For some individuals who request an overseas pension transfer on or after 9 March 2017, the government will introduce a 25% charge on transfers to QROPS. This charge is targeted at those seeking to reduce the tax payable by moving their pension wealth to another jurisdiction.
Exceptions will apply to the charge allowing transfers to be made tax-free where people have a genuine need to transfer their pension, including when the individual and the pension are both located within the European Economic Area.
The government says there are generally between 10,000 and 20,000 transfers to QROPS each year. It is expected that only a minority of these transfers will be subject to this 25% tax charge policy.
Gary Smith, financial planner at Tilney, says: "This would be an issue for ex-pats who say retire to Spain but transfer into a QROPS based in Guernsey, as this would incur the 25% tax charge."
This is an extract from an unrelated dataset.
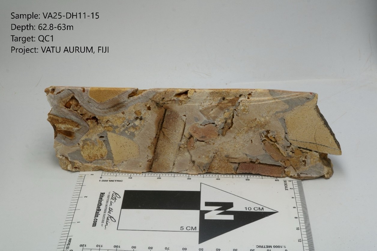 Image 1: VA25-DH11 (62.80-63.00 m depth – 18.10 g/t Au) showing chalcedonic quartz-cemented hydrothermal breccia.
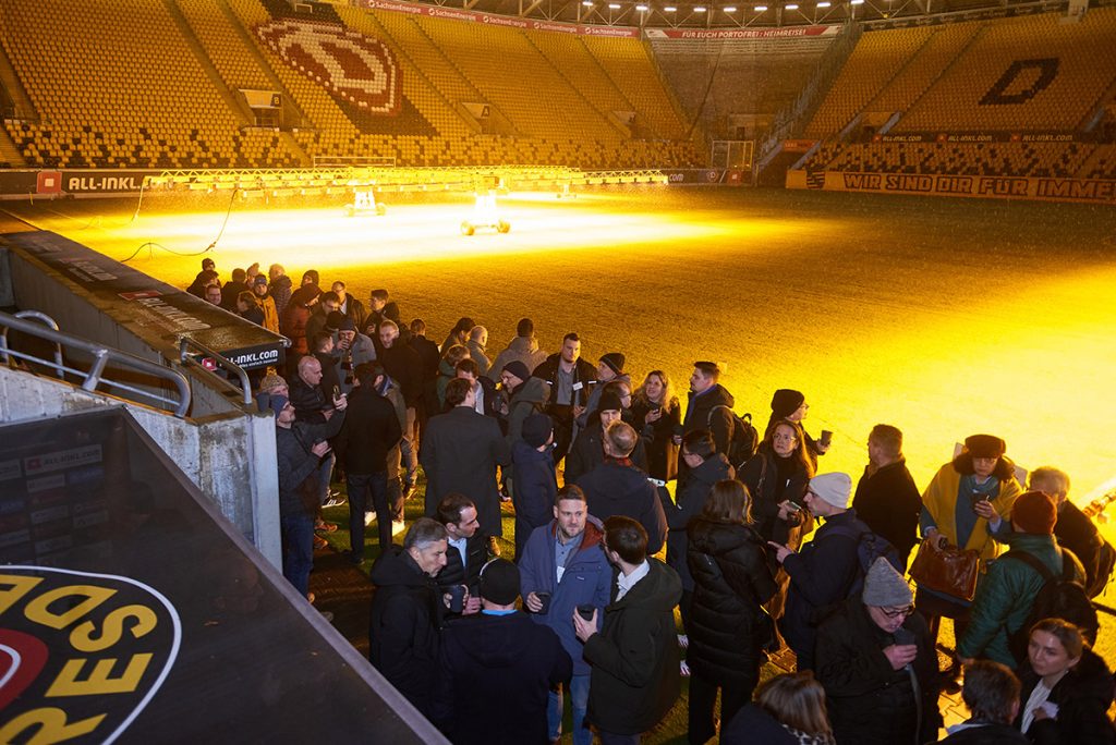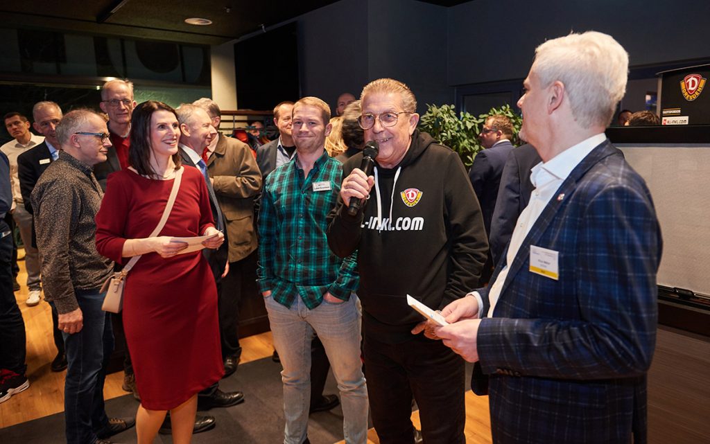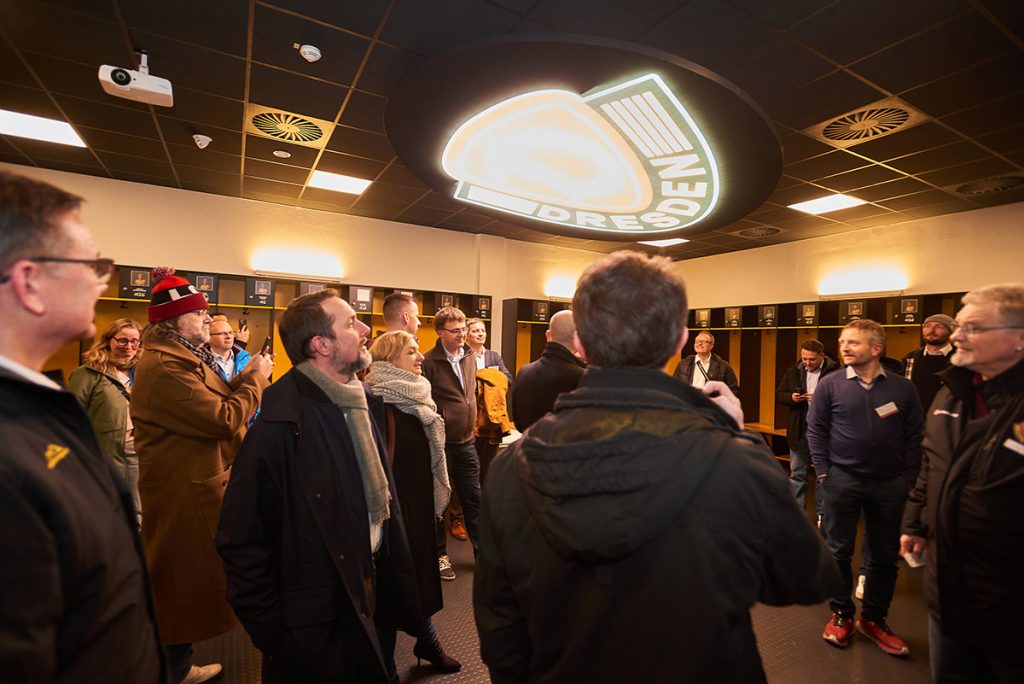 With a newly renovated VIP lounge, guided stadium tours including access to the Dynamo Dresden locker rooms, and plenty of space for personal conversations, the setting created a special atmosphere. A highlight of the evening: well-known stadium announcer Peter Hauskeller, who spent the entire night engaging with attendees, answering questions, and signing autographs.

Nathan Long, senior pension analyst at Hargreaves Lansdown says: "The 25% charge will crack down on those looking to exploit any loop holes in the tax system but should not impede anyone with genuine retirement planning aspirations. Those retiring abroad still have potential to transfer to an appropriate scheme if it meets certain criteria.
"Even if they can’t, they have the ability to take their pension entirely in cash once they are over 55, which should ensure pension savings can be accessed easily irrespective of where they retire."